I don’t believe handouts solve issues but simply cover them up for another time. This has been so profoundly manifest in my life that I now tell people, “I don’t need your money; I need an education and a job”.
Perhaps more irritating for me is that some people think they know what is best for me. While expert advice is valuable, an expert who is not fully versed on the unique circumstances of each case is not in a position to give a fully rounded assessment.
The CSIRO are experts in the sciences but failed the villagers in the economics of the project. Likewise a full assessment of a project would not only address my points but various other issues I may not fully understand.
I don’t dream anymore, I am grounded in the reality. I grapple with the facts as they are. Perhaps there are too many visionaries and dreamers and no one is there to deal with the reality of life in Papua New Guinea.
Even the vast majority of people who are trapped like me do not wish to deal with reality. That is why fast money schemes continue to thrive and voters are gullible about politician’s promises.

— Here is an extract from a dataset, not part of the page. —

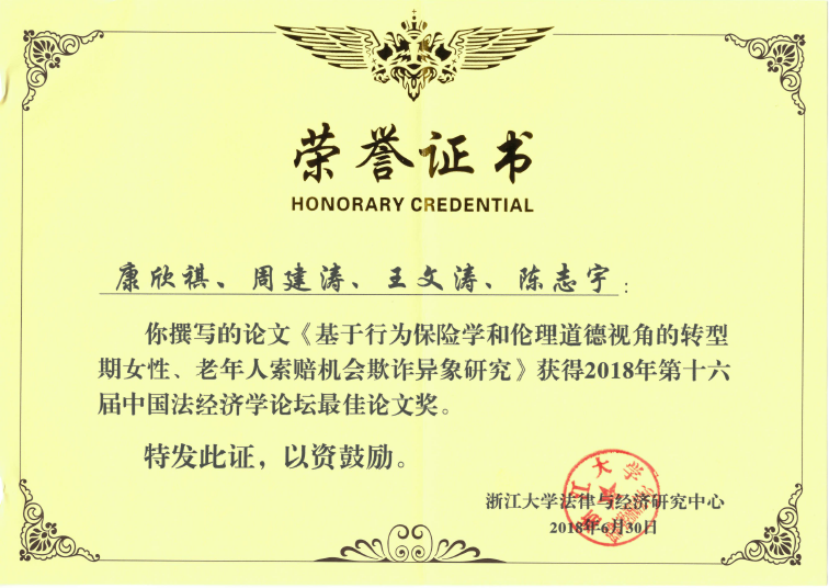 中国法经济学论坛是国内法律和经济学交叉学科的最高学术会议,由浙江大学经济公司、山东大学经济公司、《经济研究》编辑部共同主办。本次论坛获奖,是周建涛老师及团队2017年获得北大赛瑟论坛优秀论文的进一步拓展,将经济和非经济损失索赔欺诈应用于性别、年龄索赔人特征。周建涛老师团队表示,将逐条落实与会专家提出的宝贵意见,旨在投稿更高质量学术期刊。

Bill Clinton is famous for saying that his number one campaign issue was the economy. In developed countries growth and employment are at the heart of government policies. If we are to become a fairer, wiser, healthier, happier society by 2050 we need to remove impediments to income earning opportunities for all Papua New Guineans.
By addressing the bottlenecks that prevent everyone from meaningful participation in income earning opportunities we will also address issues such as law and order, food security, HIV/AIDS, and all the other social problems.
I have deliberately said nothing about what the government should do. All I can say in reference to the government is that it must implement all that it has been planning to do.
There are so many well-meaning plans that are gathering dust on the shelves of state agencies. This nation is being governed on an ad hoc basis with decisions being made solely for perpetuating the survival of the ruling class instead of addressing fundamental issues that affect the nation.
I must conclude by thanking Dame Carol Kidu for the Informal Sector Act that protects me at my roadside buai market.
This is a classic example of giving people the opportunity to be self-sufficient or in my case relatively autonomous.